(Directions) All records, exactly as written, minus the pictures: copy them out.

[Data records]

[Start of section]

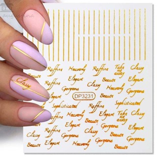 Mxbeauty Bronzing Stiker Kuku Wanita Fashion Manicure Aksesoris Huruf Inggris Garis Geometris Dekorasi Nail Art
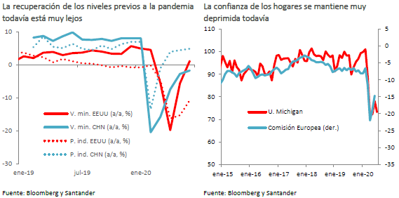 Datos de actividad de junio en EE.UU siguieron mostrando una tímida recuperación. Las ventas minoristas (7,5% m/m) y la producción industrial (5,4% m/m) estuvieron algo por sobre lo esperado, pero siguen en niveles muy por debajo de lo que tenían antes de la pandemia. En el mercado laboral, las nuevas solicitudes de subsidio de desempleo alcanzaron 1,3 millones en la semana, levemente sobre las 1,25 millones anticipadas. Para julio, el fuerte aumento de los contagios y la reimposición de restricciones de distanciamiento social podrían implicar un freno en la recuperación. De hecho, la confianza de los consumidores de la Universidad de Michagan retrocedió en el mes hasta 73,2 puntos, muy por debajo de lo anticipado. En este contexto, se comienza a discutir un nuevo paquete de estímulo fiscal.
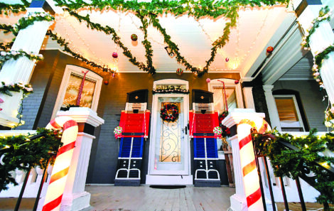 1. Dawn and Jeremy Croissette: 123 E. Third St. Large nutcrackers made from window shutters are holding lollipops, and vintage candy canes flank the front porch entrance.
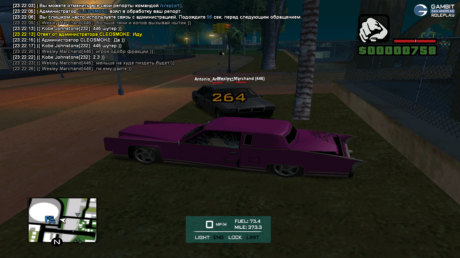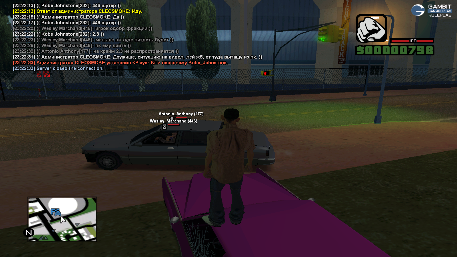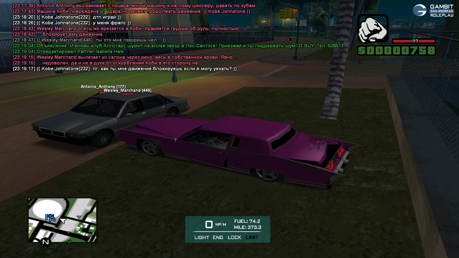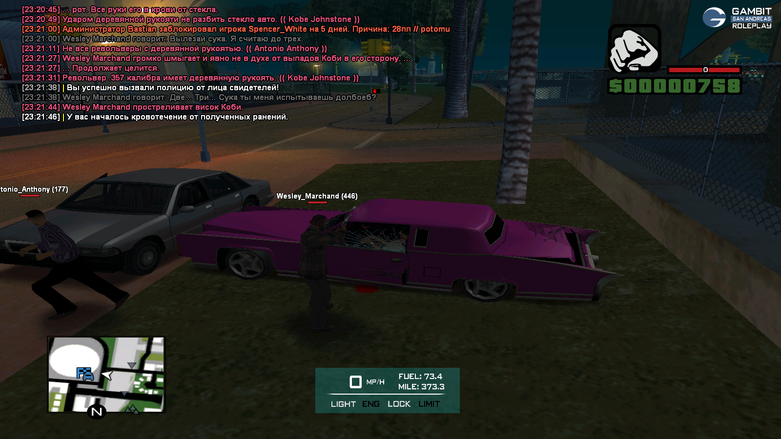 Ну как играть... Я отыгрываю что мой персонаж весь в собственной крови и уже на исходе, вылезаю через окно, ведь дверь то у меня упирается в его автомобиль, угрожаю ему. Он мне отыгрывает в ду что окно закрыто, оно технически было разбито, так и по логике после улёта в дерево. Я не растерялся и отыграл как разбиваю рукоятью револьвера ему остатки стекла и опять же режусь. Смотрите его же скрины, от него отыгровки своего персонажа просто - нет. Он только отыграл то, что у него стекло охуеть какое прочное и нельзя его видать разбить. Ни одной реплики, реакции на происходящее.
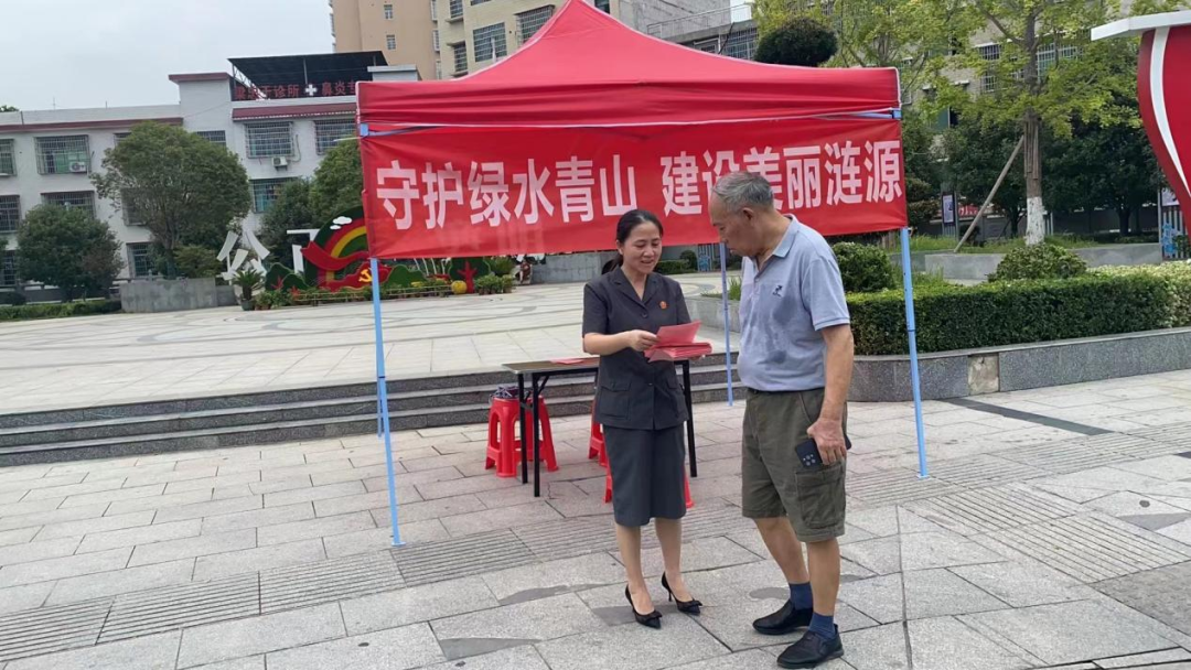 为迎接首个全国生态日,增强辖区群众对生态文明建设的认识,引导更多群众积极参与到生态文明建设和绿色发展中来,8月15日,涟源市人民法院开展生态环境法治普法宣传活动。
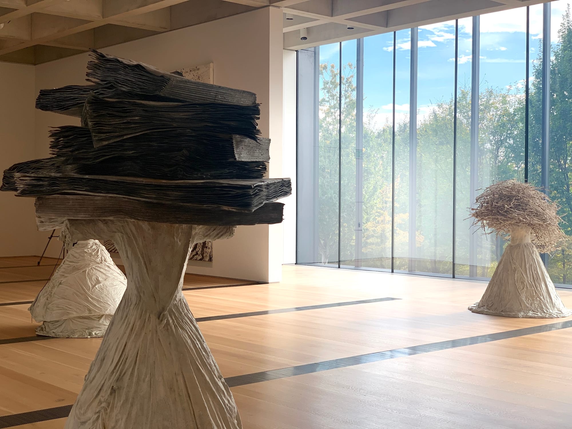 In the Weil Gallery, works from the sculpture series Die Frauen der Antike (The Women of Antiquity) (2018–25) catch the light from a wall-length window overlooking a row of trees. When the show opened, the greenery outside stood in stark contrast to the white gowns that compose the figures, each one representing a renowned female artist or martyr (Sappho, St. Eulalia, and Thusnelda among them); in winter, the dresses eerily align with the bare branches outside. In spaces like these, the art is in dialogue with Forest Park, the city’s crown jewel, where the museum is located.
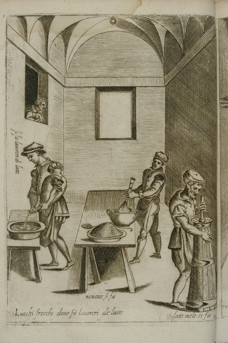 Stara rycina. Przedstawia wnętrze kuchni w którym stoi mężczyzna przy piecu i gotuje. W głębi stoi stół. Na ścianie wiszą talerze. Z prawej strony przez otwarte drzwi wchodzi mężczyzna z tacą. Jest to ilustracja "Kucharstwo" z elementarza Jana Amosa Komenskiego.
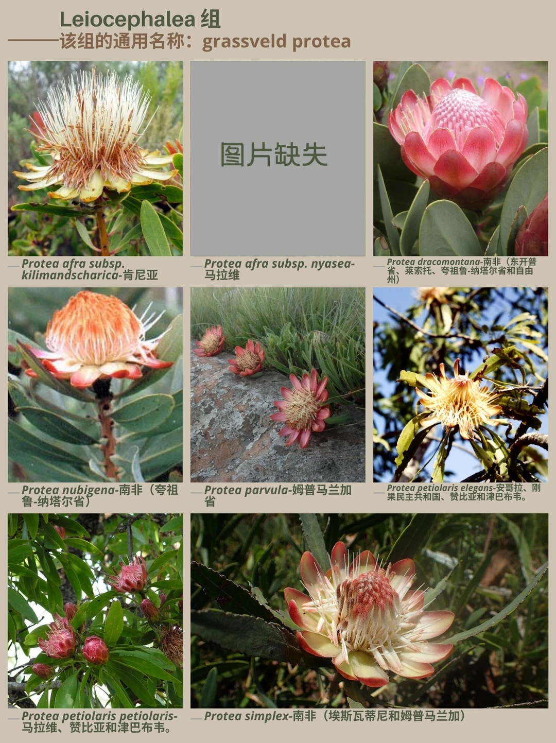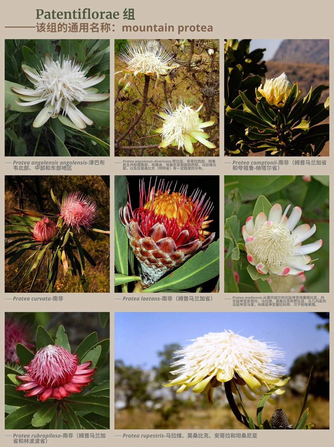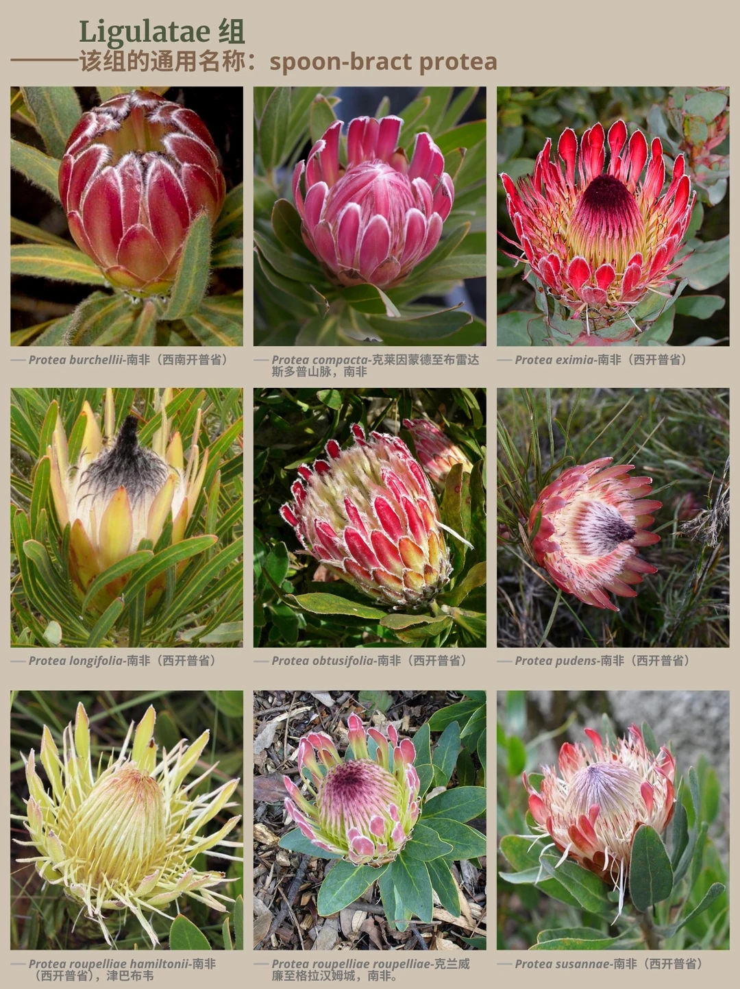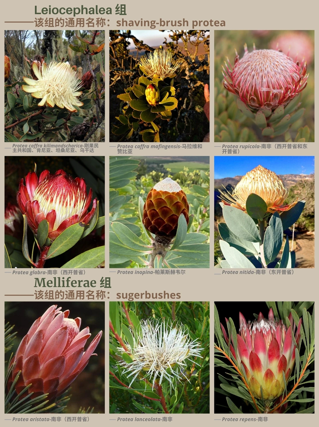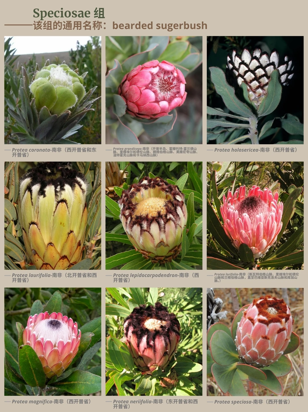帝王花 山龙眼科 Protea Proteaceae 山龙眼科 花园植物 切花植物 南非 盆栽 干花 本图册为山龙眼科帝王花属常见品种图集含物种学名及分布区域。
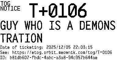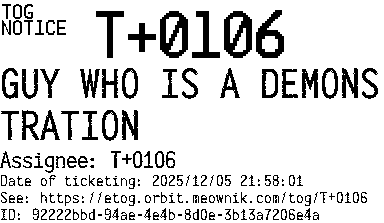 Orbit eTOG Listing Service: T+0106 GUY WHO IS A DEMONSTRATION
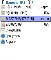 Новая версия хорошего файлового менеджера, обновление от 18.03.08 Особенности: - две панели, напоминает Total Commander для компа - полный контроль над файловой системой (копирование, вырезание, перемещение, вставка и удаление) - сортировка файлов по размеру, дате, расширению, UID - установка/снятие атрибутов - архивирование файлов в архивы GZIP - быстрая справка по наличию свободного места на диске - удобный поиск файлов - встроенный менеджер задач и процессов - информация о телефоне и сети - создание нового СМС - съемка скриншотов в форматах JPEG, GIF, BMP, PNG и MBM - монитор состояния оперативной памяти - быстрый доступ к папке входящих сообщений - управление по горячим клавишам

[End of section]

(Solution to the exercise)
 Mxbeauty Bronzing Stiker Kuku Wanita Fashion Manicure Aksesoris Huruf Inggris Garis Geometris Dekorasi Nail Art
 Datos de actividad de junio en EE.UU siguieron mostrando una tímida recuperación. Las ventas minoristas (7,5% m/m) y la producción industrial (5,4% m/m) estuvieron algo por sobre lo esperado, pero siguen en niveles muy por debajo de lo que tenían antes de la pandemia. En el mercado laboral, las nuevas solicitudes de subsidio de desempleo alcanzaron 1,3 millones en la semana, levemente sobre las 1,25 millones anticipadas. Para julio, el fuerte aumento de los contagios y la reimposición de restricciones de distanciamiento social podrían implicar un freno en la recuperación. De hecho, la confianza de los consumidores de la Universidad de Michagan retrocedió en el mes hasta 73,2 puntos, muy por debajo de lo anticipado. En este contexto, se comienza a discutir un nuevo paquete de estímulo fiscal.
 1. Dawn and Jeremy Croissette: 123 E. Third St. Large nutcrackers made from window shutters are holding lollipops, and vintage candy canes flank the front porch entrance.
 Ну как играть... Я отыгрываю что мой персонаж весь в собственной крови и уже на исходе, вылезаю через окно, ведь дверь то у меня упирается в его автомобиль, угрожаю ему. Он мне отыгрывает в ду что окно закрыто, оно технически было разбито, так и по логике после улёта в дерево. Я не растерялся и отыграл как разбиваю рукоятью револьвера ему остатки стекла и опять же режусь. Смотрите его же скрины, от него отыгровки своего персонажа просто - нет. Он только отыграл то, что у него стекло охуеть какое прочное и нельзя его видать разбить. Ни одной реплики, реакции на происходящее.
 为迎接首个全国生态日,增强辖区群众对生态文明建设的认识,引导更多群众积极参与到生态文明建设和绿色发展中来,8月15日,涟源市人民法院开展生态环境法治普法宣传活动。
 In the Weil Gallery, works from the sculpture series Die Frauen der Antike (The Women of Antiquity) (2018–25) catch the light from a wall-length window overlooking a row of trees. When the show opened, the greenery outside stood in stark contrast to the white gowns that compose the figures, each one representing a renowned female artist or martyr (Sappho, St. Eulalia, and Thusnelda among them); in winter, the dresses eerily align with the bare branches outside. In spaces like these, the art is in dialogue with Forest Park, the city’s crown jewel, where the museum is located.
 Stara rycina. Przedstawia wnętrze kuchni w którym stoi mężczyzna przy piecu i gotuje. W głębi stoi stół. Na ścianie wiszą talerze. Z prawej strony przez otwarte drzwi wchodzi mężczyzna z tacą. Jest to ilustracja "Kucharstwo" z elementarza Jana Amosa Komenskiego.
帝王花 山龙眼科 Protea Proteaceae 山龙眼科 花园植物 切花植物 南非 盆栽 干花 本图册为山龙眼科帝王花属常见品种图集含物种学名及分布区域。
 Orbit eTOG Listing Service: T+0106 GUY WHO IS A DEMONSTRATION
 Новая версия хорошего файлового менеджера, обновление от 18.03.08 Особенности: - две панели, напоминает Total Commander для компа - полный контроль над файловой системой (копирование, вырезание, перемещение, вставка и удаление) - сортировка файлов по размеру, дате, расширению, UID - установка/снятие атрибутов - архивирование файлов в архивы GZIP - быстрая справка по наличию свободного места на диске - удобный поиск файлов - встроенный менеджер задач и процессов - информация о телефоне и сети - создание нового СМС - съемка скриншотов в форматах JPEG, GIF, BMP, PNG и MBM - монитор состояния оперативной памяти - быстрый доступ к папке входящих сообщений - управление по горячим клавишам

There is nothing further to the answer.